- [YOUR ASSIGNMENT]: For this exercise, an exact copy is needed of only the lines from the one containing "高阐述看后发现,孩子的大脑皮" through the end of the data, with pictures left out.

[Start of Attachment]

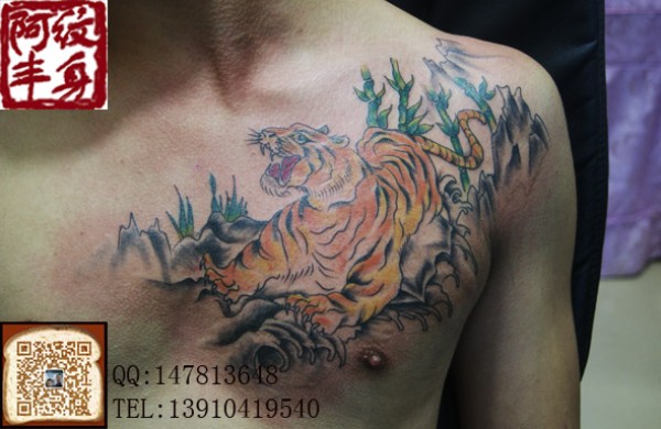 男生胸部彩绘的下山虎纹身图案阿丰纹身馆最新_胸部纹身图案大全_纹身图吧
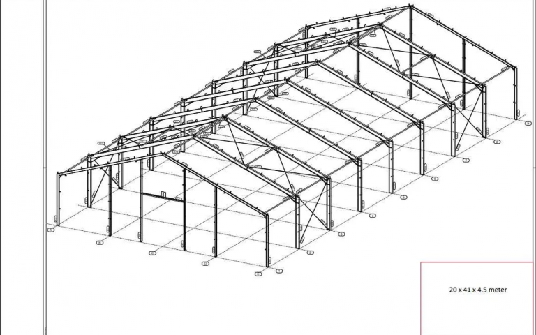 De Vânzare: Hală din Oțel 820 mp | Producție 2022 📌 Dimensiuni: 20m x 41m (aprox. 820 mp)📌 Înălțime creastă: 8,14 m | Înălțime jgheab: 4,5 m📌 Material: Oțel acoperit cu pulbere, culoare antracit📌 Fabricat în 2022 de Handelsonderneming (Olanda)📌 Standard EN1090 (Certificat disponibil după cumpărare) 🔹 Caracteristici:✅ Desene de asamblare și plan de ancorare✅ Elemente numerotate conform planului de montaj✅ Înclinație acoperiș: 20°✅ Include toate …
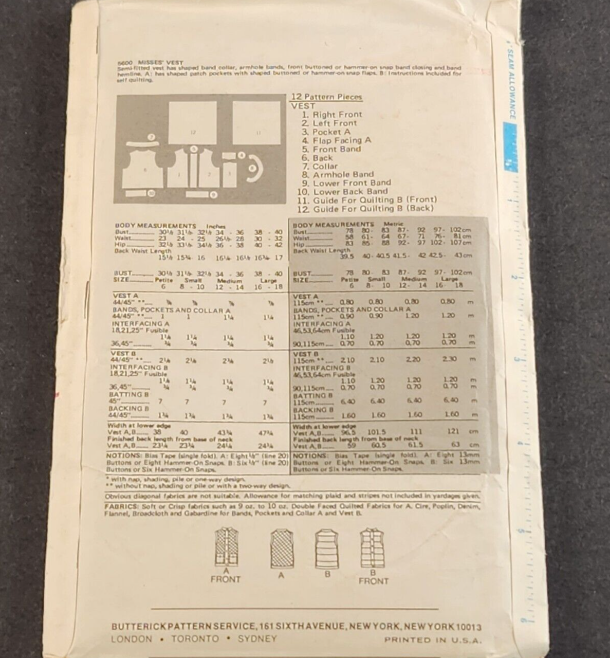 Butterick 5600 Vintage Sewing Pattern Misses Vest Size Medium
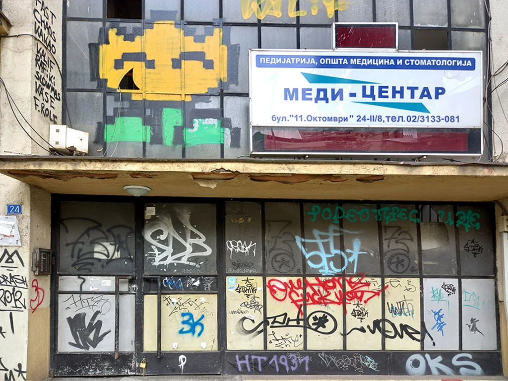 The large pieces by Drash, OKS, and SRK from 2012 stand proudly, witnesses to the time when the graffiti scene in Skopje was going through something like a renaissance. The pixel flower blooms on concrete, a reminder that beauty can grow even in the harshest conditions.
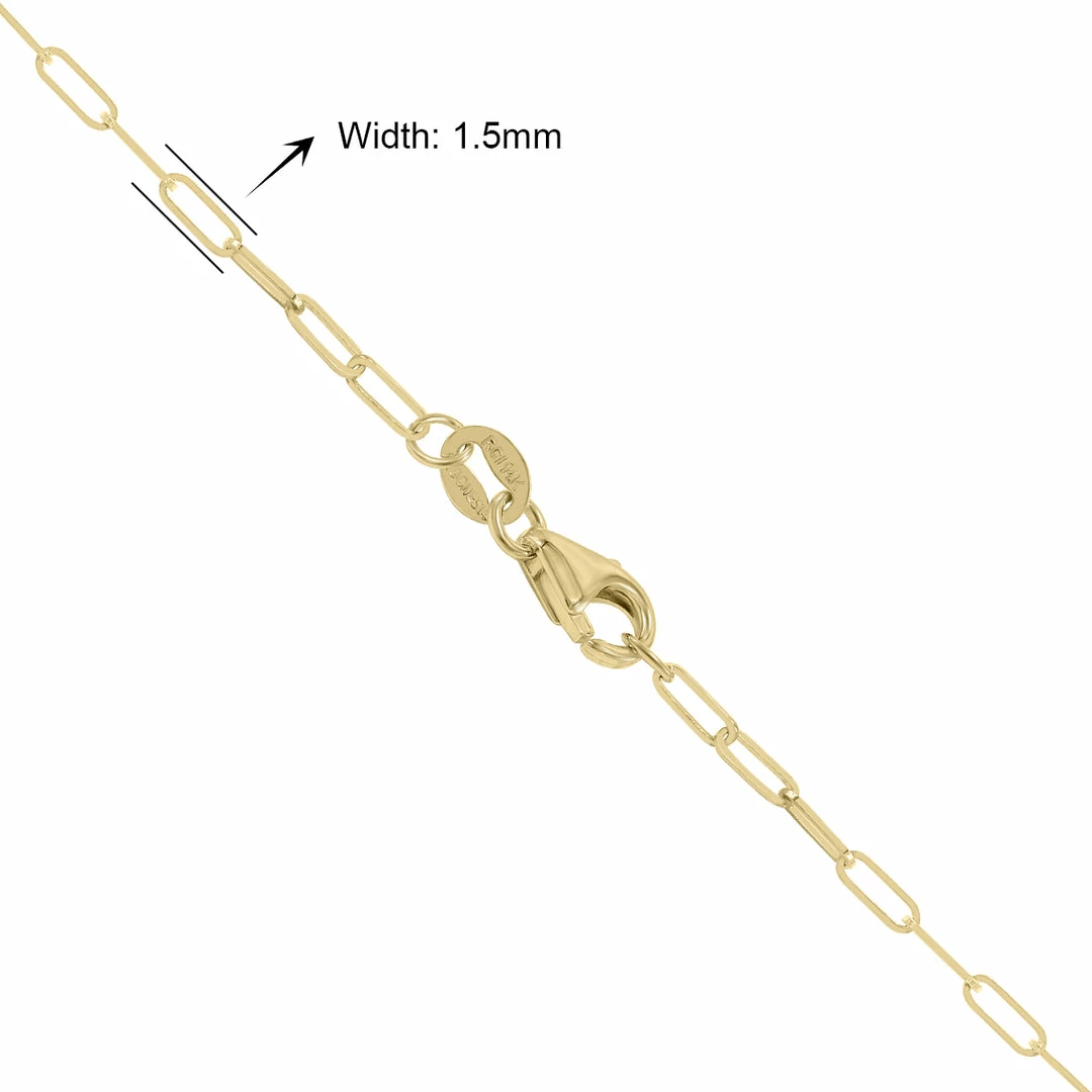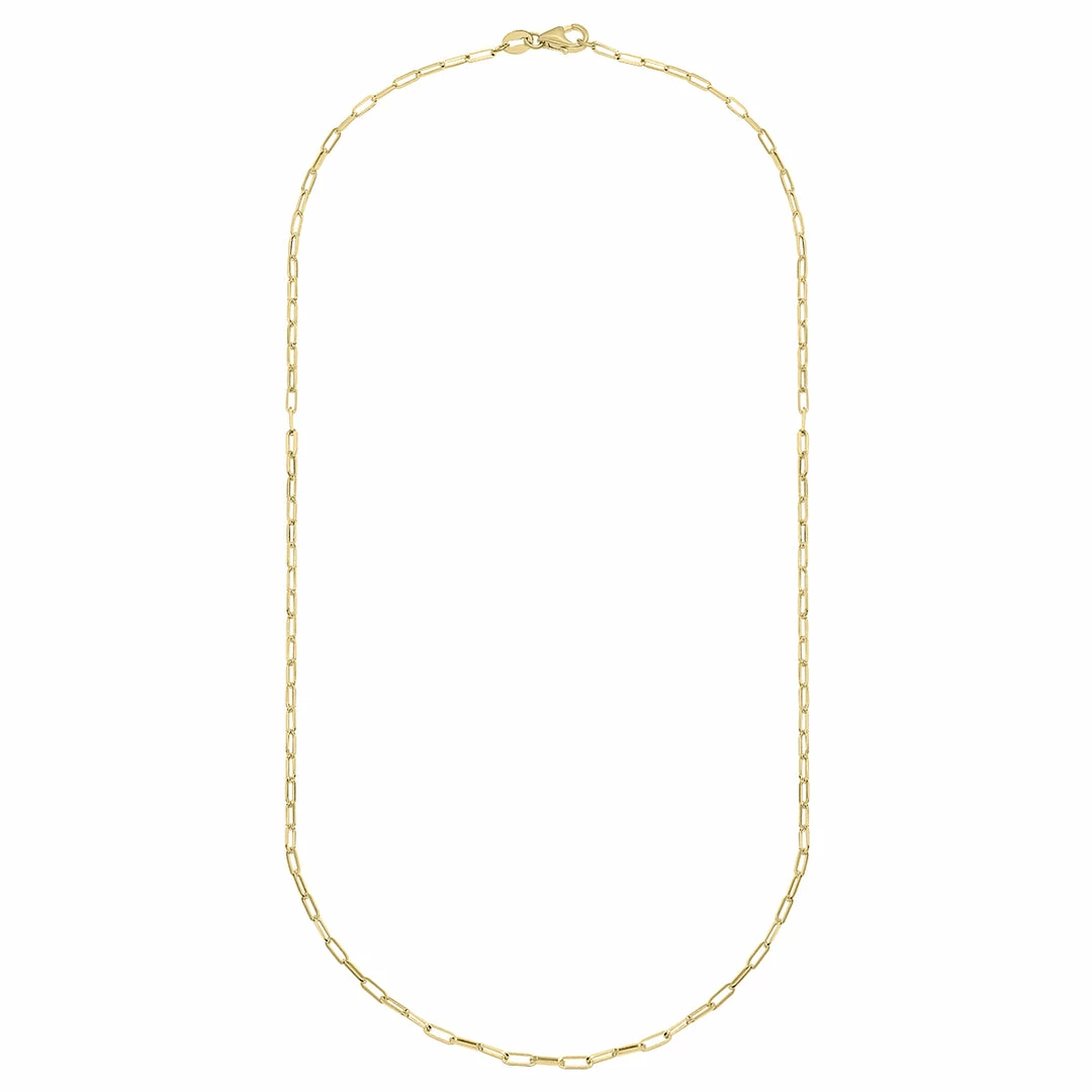 This beautiful and dainty 16-inch 14K yellow gold paperclip necklace is the perfect accessory for any occasion. The light, fresh, and timeless piece will pair effortlessly with any look and is perfect for layering. This necklace also features a durable lobster clasp that will provide security during your busiest days. If you are looking for a necklace that is perfect for a night out on the town or business chich, this is the accessory for you!
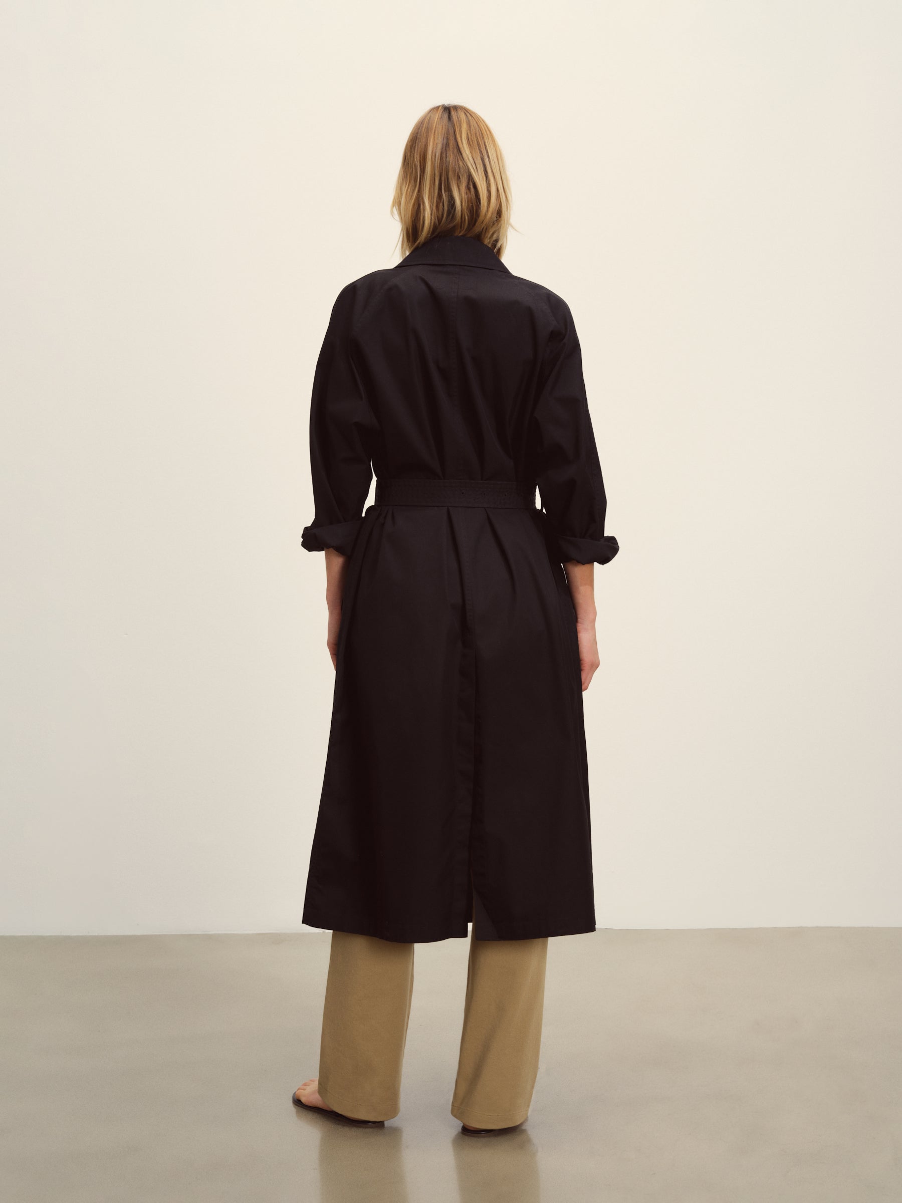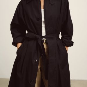 Relaxed, vintage-inspired trench coat cut from 5.7 oz. yarn-dyed cotton/poly twill weather cloth with a DWR finish. Features welt pockets, raglan sleeves, and a deep back vent. Details include a collar tab, button and tab cuffs, and a removable belt with leather buckle for cinching the waist. Size down for a more fitted silhouette.
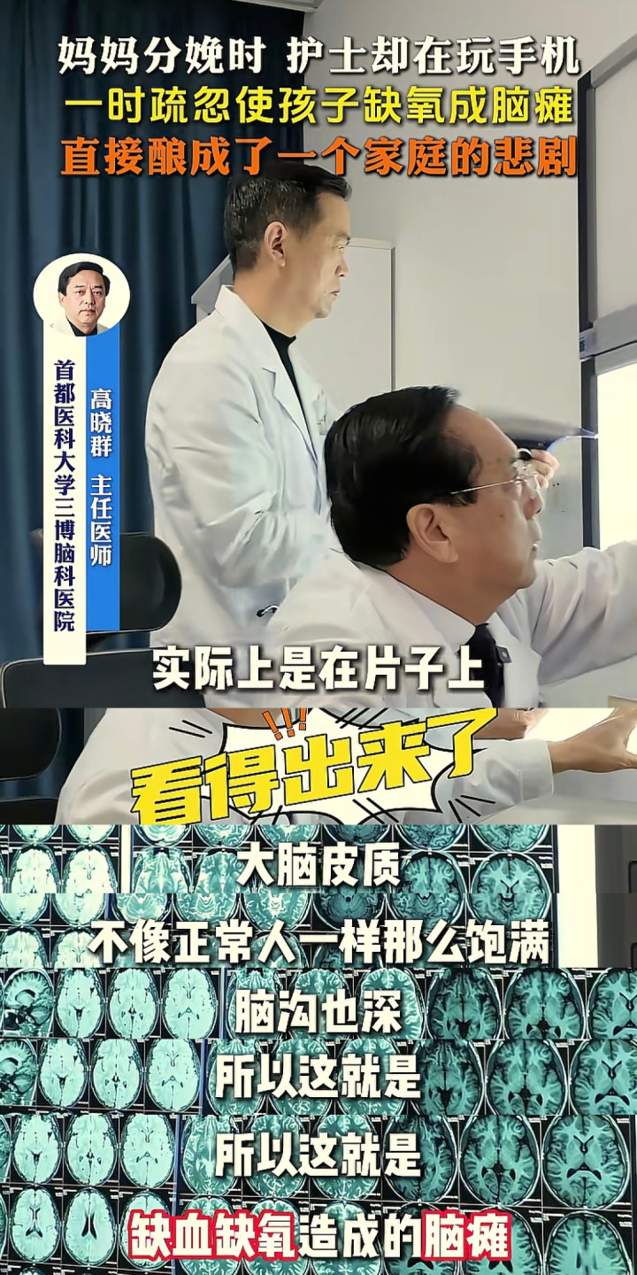高阐述看后发现,孩子的大脑皮质不像平日东说念主那么填塞,脑沟也相比深——这是缺血缺氧形成的脑损害,孩子已有狭窄的脑萎缩,脑外部还有积液。
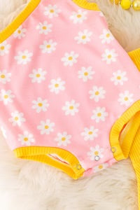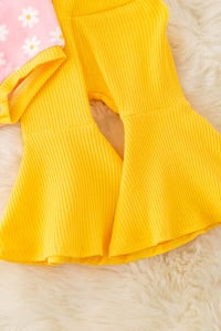 Brighten her day with this playful two-piece set! The pink ribbed onesie features a cheerful white daisy print with sunny yellow trim, perfectly paired with bold yellow bell-bottom pants for extra flair. Soft, stretchy, and full of charm this outfit is made for twirls, smiles, and sunny adventures.
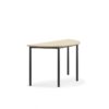 Ten półokrągły model nadaje się jako dodatek do prostokątnych stółów i pozwala uzyskać więcej miejsca do siedzenia. Blat stołu spoczywa na lakierowanej proszkowo ramie z rur stalowych o okrągłym przekroju. Można dodać regulowane nóżki dla większej elastyczności oraz regulowane stopki, które pozwalają na wypoziomowanie stołu na nierównym podłożu. Regulowane nogi i stopki sprzedawane oddzielnie.

[End of Attachment]

- [RESPONSE]:
高阐述看后发现,孩子的大脑皮质不像平日东说念主那么填塞,脑沟也相比深——这是缺血缺氧形成的脑损害,孩子已有狭窄的脑萎缩,脑外部还有积液。
 Brighten her day with this playful two-piece set! The pink ribbed onesie features a cheerful white daisy print with sunny yellow trim, perfectly paired with bold yellow bell-bottom pants for extra flair. Soft, stretchy, and full of charm this outfit is made for twirls, smiles, and sunny adventures.
 Ten półokrągły model nadaje się jako dodatek do prostokątnych stółów i pozwala uzyskać więcej miejsca do siedzenia. Blat stołu spoczywa na lakierowanej proszkowo ramie z rur stalowych o okrągłym przekroju. Można dodać regulowane nóżki dla większej elastyczności oraz regulowane stopki, które pozwalają na wypoziomowanie stołu na nierównym podłożu. Regulowane nogi i stopki sprzedawane oddzielnie.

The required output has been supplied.